15 June 2015

Medieval Monday: Beowulf's Digression

So last week, we talked about Beowulf's insult, and this week I'm focusing on Beowulf’s Digression in lines 2009-2072 which focuses on a “what-if” scenario. Apparently, Hrothgar has promised his daughter, Freawaru, in marriage to Ingeld, King of the Heatho-Bards, a neighboring tribe with whom the Geats have been feuding. The previous King of the Heatho-Bards, Froda, was killed by the Danes (Freawaru’s people) as were many of his thanes. All hope “this woman will heal old wounds / and grievous feuds” (2027-2028). No pressure, right?

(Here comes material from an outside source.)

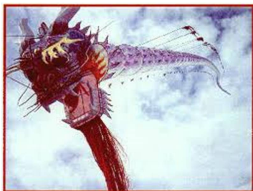
Εικόνα 2 Κίνα χαρταετός Γουέν

Ο αυτοκράτορας της Κίνας Γουέν Χσουν έκανε πειράματα πτήσεων με αετούς φτιαγμένους από μπαμπού, χρησιμοποιώντας για επιβάτες τους κρατούμενούς του.

Beowulf doesn’t hold out much hope for this peace-making marriage, believing instead that “generally the spear / is prompt to retaliate when a prince is killed, / no matter how admirable the bride may be” (2029-2031). He envisions a scenario in which, after a few drinks, the Heatho-Bards resent the influx of Danes celebrating their kinswoman’s marriage. He posits that some will start noticing their ancestors’ armor in the hands of the visiting Danes: “your father’s sword, his favorite weapon / the one he wore when he went out in his war-mask / to face the Danes on that final day” (2047-2050). This observation will rile everyone up until eventually “one of the lady’s retainers lies / spattered in blood, split open” (2059-2060). Peace broken.

One thing I find interesting about this digression is the horrid, crazy situation in which poor Frearwaru may find herself. Many women were used as "peace-weavers" throughout history; girls married off in order to broker peace between the two tribes/nations. How jacked up is that? A single person, and one who basically has no power, responsible for ending hostility between tribes. In Beowulf's hypothetical, this does not end well for Freawaru and Ingeld as he cannot forget the massive deathtoll visited upon him by Freawaru's father.

Another thing I find interesting about this digression is its very existence. Why does the poet include this strange tangent in a poem centered on the heroics of Beowulf? The story has nothing to do with Beowulf whatsoever. The feud is between the Danes and the Heatho-Bards, not the Geats; Beowulf didn’t really know Freawaru; the outcome of the feud seems to have no effect on Beowulf or the Geats.

The relationship between this digression and the Finn song from Heorot is clear. Finn thought he had brokered peace, but the conquered Danes rose up and killed him, raiding his treasure and bringing it back to Denmark, as soon as they were able (1070-1161). So too, Ingeld may believe he is brokering peace by marrying Freawaru, but the Heatho-Bards will, according to Beowulf, not stand for it, and even Ingeld may find himself in a position to choose between vengeance and his bride. Vengeance, of course, will win.

Beowulf’s prediction about Ingeld is the result of the lesson he learned from the bard’s song regarding Finn. Perhaps that is the reason for the digression: to show Beowulf’s wisdom. He can take the lesson learned from one tale and apply it to a similar situation. Honestly though, I am very unsure as to why the Ingeld digression or the Finn digression are a part of this poem. Any ideas?